You're right, short focal length lenses need to be retro-focus and that makes it a real challenge to get a good optical formula into a pancake.

As for pancakes, I had a 40mm Voightlander but to be honest I think a pancake is too small on a 5DMk* body. I prefer my little 50 and 35 mm Canon lenses for compactness and light weight while they still give something to hold on to.


----------



## StudentOfLight (Feb 26, 2014)

mrsfotografie said:


> iron-t said:
> 
> 
> > It seems like 40mm (on FF) is about the sweet spot for pancakes because it provides a very natural perspective and is a simple lens requiring few corrections to achieve decent optical performance. My favorite lens on Micro 4/3 is the Panasonic 20mm f/1.7 pancake that is 40mm FF equivalent. Extremely versatile.
> ...



I have the EF 40mm so just imagine what that looks like on a 1D body.
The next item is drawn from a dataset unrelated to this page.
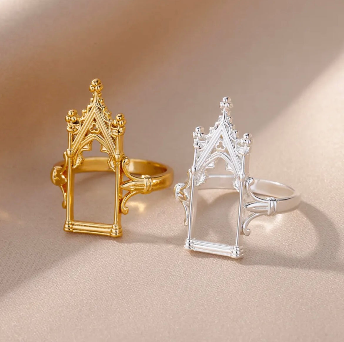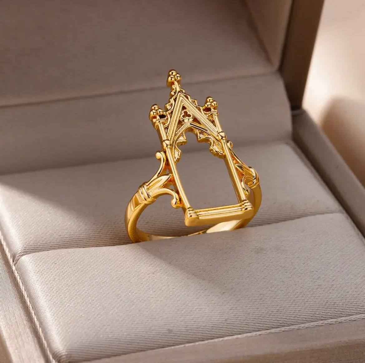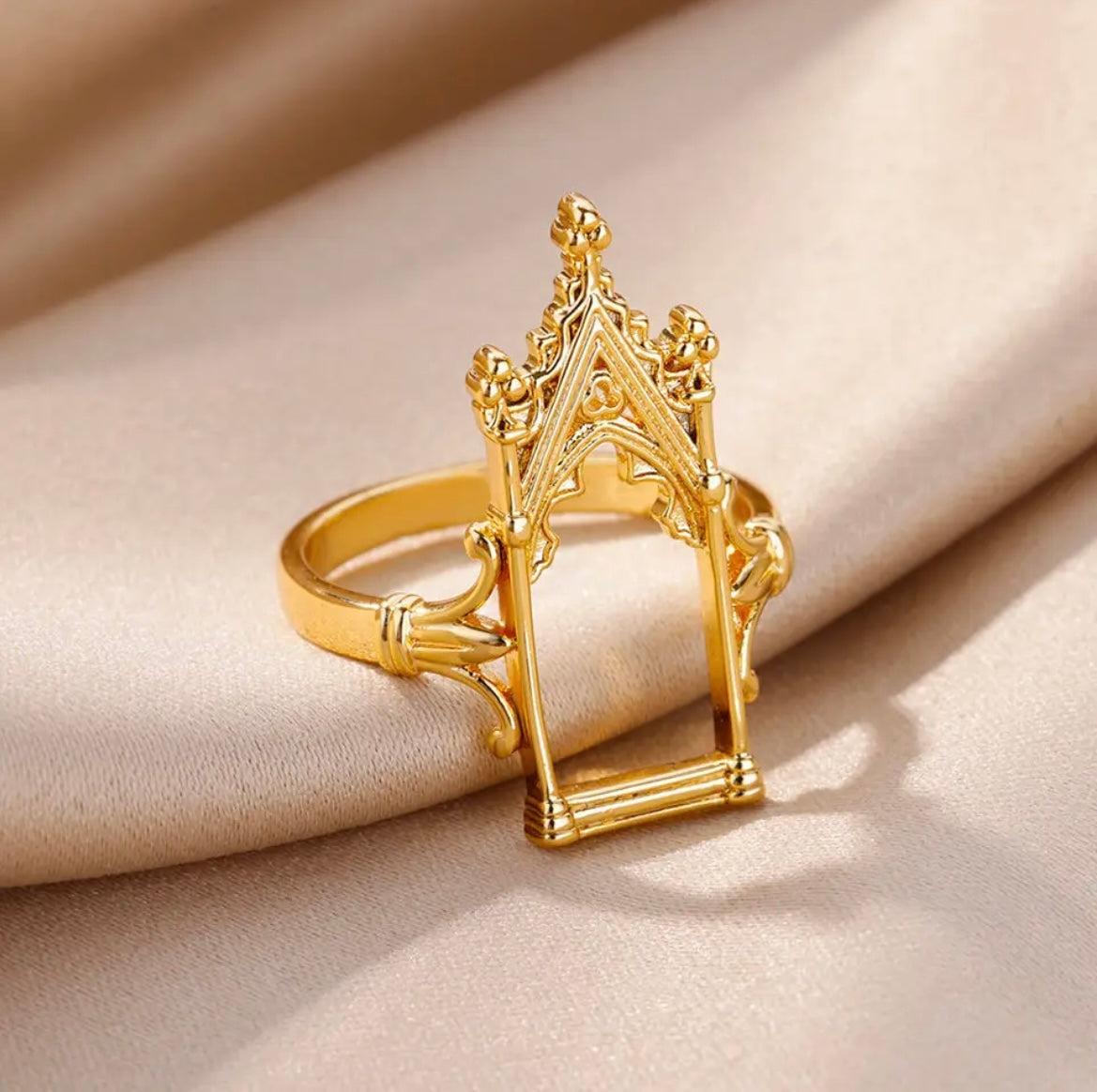 The ring is crafted with polished material and resembling a castle or like a door to heaven.

LOL ;D


----------



## adhocphotographer (Feb 26, 2014)

iron-t said:


> If any new pancake were to come out I'd expect it to be EF-S, 25mm and probably f/2.8 (though f/2 would make it far more attractive on APS-C).



I would still consider getting one for my 100D!


----------



## slclick (Mar 8, 2014)

I always dreamed of an EF 20 akin to the Voigtlander yet with AF, that was until I bought the Zeiss 18, lol.


----------